If larger hydropower projects take hold in Nepal , as seems likely to happen, Sushma predicts that "unfair appropriation where water is diverted from areas without concern for local usage is sure to be the norm" .
The Road Ahead
Corporate executives, World Bank officials and government regulators spend considerable energy attempting to convince the Nepalese people that large-scale energy projects, with their inevitably hefty price tags demanding foreign investment and technical assistance, are needed to overcome chronic power shortages and stimulate "economic growth." This sentiment is nicely summed up in a recent statement by the Independent Power Producers Association of Nepal (IPPAN):
The highly talked about potential of 42,000 Mw of installed capacity will require at least 100 billion dollars to develop.
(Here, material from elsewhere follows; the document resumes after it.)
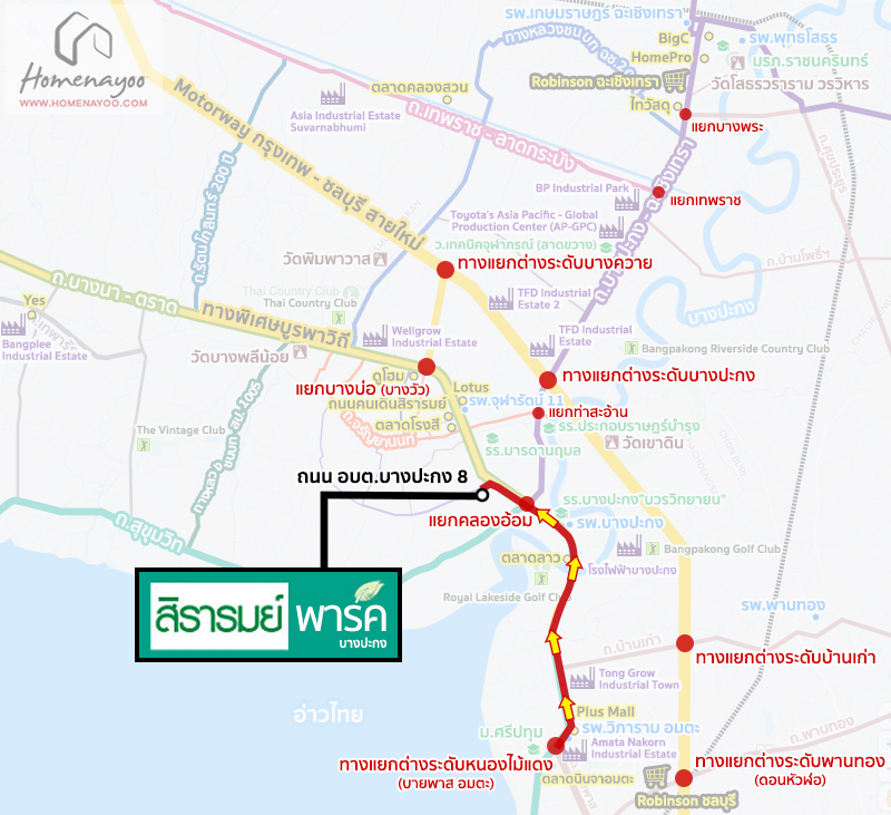 จากปากซอยตรงไปประมาณ 240 ม.ถึงโครงการสิรารมย์ พาร์ค บางปะกง ติดกันเป็นโครงการ M Village บางปะกง

Neither the government nor the donor agencies are going to put up such large amounts for hydropower development, when there are other competing social requirements, e.g. health, transport and the education sector. There are no short-cuts and no free lunches; and these hydropower projects will have to be developed in a fully commercial manner .
The unmentioned assumptions inherent in this statement are manifold and need not be elaborated upon here. It is sufficient to note that there are far more effective -- and far cheaper -- alternatives readily available. Bikash Pandey, the Nepalese representative of Winrock International, writes:
Investment of a very large percentage of central government resources in medium and large hydropower projects with the support of multilateral and bilateral aid has left inadequate resources for alternatives such as micro-hydropower and solar PV.
Contrary to corporate claims, the latter types of projects "are much more likely to bring modern sources of energy within reach of 85% of the country's population," inhabitants who would otherwise not be supplied by the national grid . Thapa similarly notes that "It is not true that we cannot overcome this difficulty without building hydropower stations … that have very large storage reservoir[s]," stressing that "for certain types of load it is far more economic to build diesel plants than other types of power stations" .
Similarly, in terms of drinking water supply, Joshi views the standard corporate line -- that "mega hydro-projects would benefit all segments of society" -- as a "fallacy," pointing out that marginalized groups of society "will continue to suffer as long as the water gets routed to those who can pay in urban areas."
Kathmandu 's water storage problems can be solved, she notes, by methods as simple as repairing and maintaining old pipes: "Unmaintained pipes are major culprits in leaking precious water to the ground" .
Despite such small-scale alternatives, the corporate windfall from resource-intensive mega projects, traced to its ultimate destination in the pockets of wealthy foreign executives and compliant Nepalese regulators, exerts a powerful influence on government policy. Swarms of profit seekers, supported by the political backing of the world's greatest superpower and its Asian heir apparent, have descended onto Kathmandu with the jewels of Nepal in their sight. It will take more than pliant communist leaders seeking "to give more profit to the capitalists" to stop them.